The branches output by Fpn, each of which will perform classification and regression operations
Each layer of features undergoes 4 convolutions + relu operations, and then through the head convolution
self.output = nn.Conv2d(feature_size, num_anchors * num_classes, kernel_size=3, padding=1) self. output_act = nn. Sigmoid()
Output the final predicted output, scale is
torch. Size([1, 14400, 80]) torch. Size([1, 3600, 80]) torch. Size([1, 900, 80]) torch. Size([1, 225, 80]) torch. Size([1, 81, 80])
Among them, 14400 = 40409, 9 is the number of anchors, and finally the tensor that stitches all the results together [1,19206,80]. It can be understood that 9 anchors are predicted for each feature map position, and each anchor has 80 categories. The splicing operation is unified with the form of the anchor to facilitate the calculation of loss and forward prediction. Note that the activation function here uses sigmoid(). If you want to use softmax() output, you need to add a category. However, the paper proves that Sigmoid() is better than softmax().

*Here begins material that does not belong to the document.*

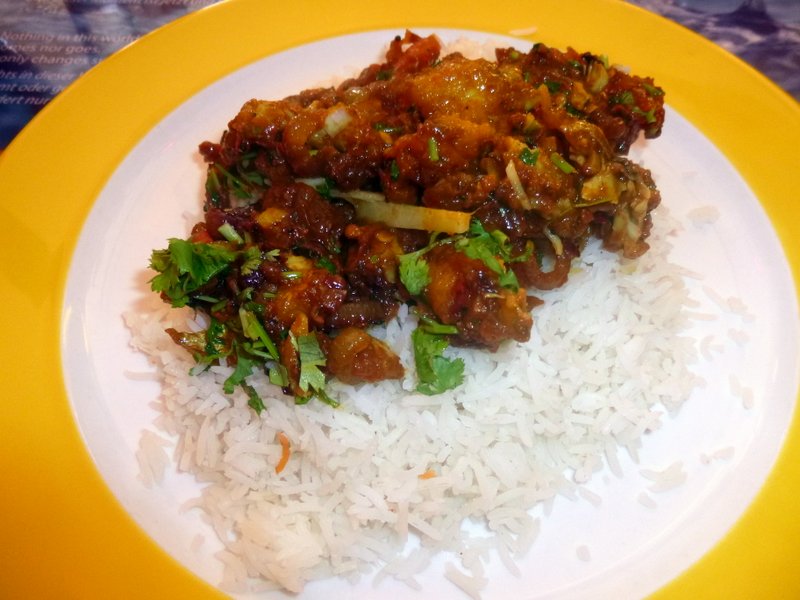 Two Bowls of Boiled Rice accompanied two Bowls of the Driest Curry Hector has seen in months. Both looked Stunning, the Quantity Daunting, even for a Hungry Hector. The Aroma from the Fisch Chettinad was Powerful. The presence of Fish was most apparent. The Dark Red Chillies that Hector associates with South Indian Curry gave off a Smoky Flavour. The Gritty Texture that is the Signature of this Dish came from the Herbs, possibly Coriander Stalks and Chopped Green Chillis. The Masala, what there was of it was packed with Flavour. Even the Fresh Tomatoes had been given a New Dimension.

Similar to the classification head, it is also a 4-layer convolution + relu() operation, and finally an output convolution. Since it is a regression problem, no activation is performed.
self.output = nn.Conv2d(feature_size, num_anchors * 4, kernel_size=3, padding=1)
The scale changes to:
torch. Size([1, 14400, 4]) torch. Size([1, 3600, 4]) torch. Size([1, 900, 4]) torch. Size([1, 225, 4]) torch. Size([1, 81, 4])

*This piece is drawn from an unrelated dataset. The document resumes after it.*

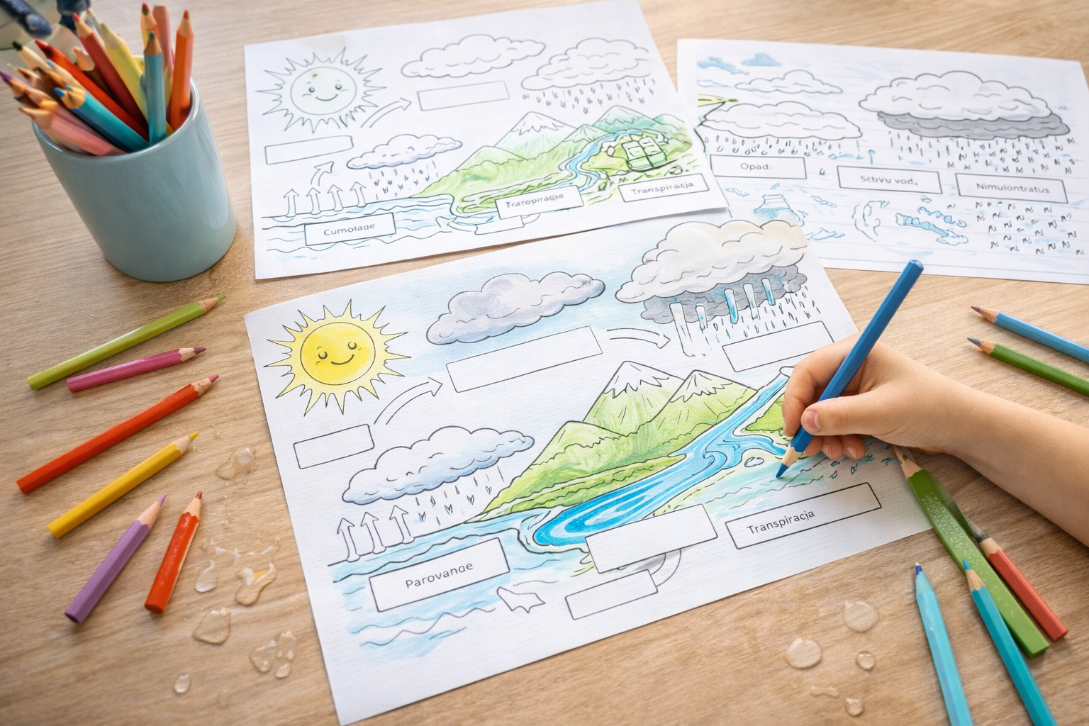 Obieg wody w przyrodzie – karty pracy i mini-eksperymenty

Finally, all the results are stitched together [1,19206,4], 4 represents the center point + width and height of the predicted box.
The large feature map predicts small objects, and the small feature map predicts large objects. FPN has 5 outputs, so there will be 5 medium-scale anchors, and each scale is divided into 9 medium aspect ratios.
First define the level of the feature map:
self.pyramid_levels = [3, 4, 5, 6, 7]
Get the corresponding stride as:
self.strides = [2 ** x for x in self.pyramid_levels] # [8,16,32,64,128]
Get the base size on each layer:
self.sizes = [2 ** (x + 2) for x in self.pyramid_levels] # [32,64,128,256,512]
Combine 3 frame height ratios with 3 scales to get 9 anchors:
ratios = np.array([0.5, 1, 2]) scales = np.array([2 ** 0, 2 ** (1.0 / 3.0), 2 ** (2.0 / 3.0)])=[1,1.26,1.587]
First calculate the size:
anchors[:, 2:] = base_size * np.tile(scales, (2, len(ratios))).T
Get the width and height of the initial anchor (for example, the smallest output layer):
[[ 0. 0. 32. 32. ] [ 0. 0. 40.3174736 40.3174736 ] [ 0. 0. 50.79683366 50.79683366] [ 0. 0. 32. 32. ] [ 0. 0. 40.3174736 40.3174736 ] [ 0. 0. 50.79683366 50.79683366] [ 0. 0. 32. 32. ] [ 0. 0. 40.3174736 40.3174736 ] [ 0. 0. 50.79683366 50.79683366]]
Get the area at each scale:
[1024. 1625. 2580. 1024. 1625. 2580. 1024. 1625. 2580.]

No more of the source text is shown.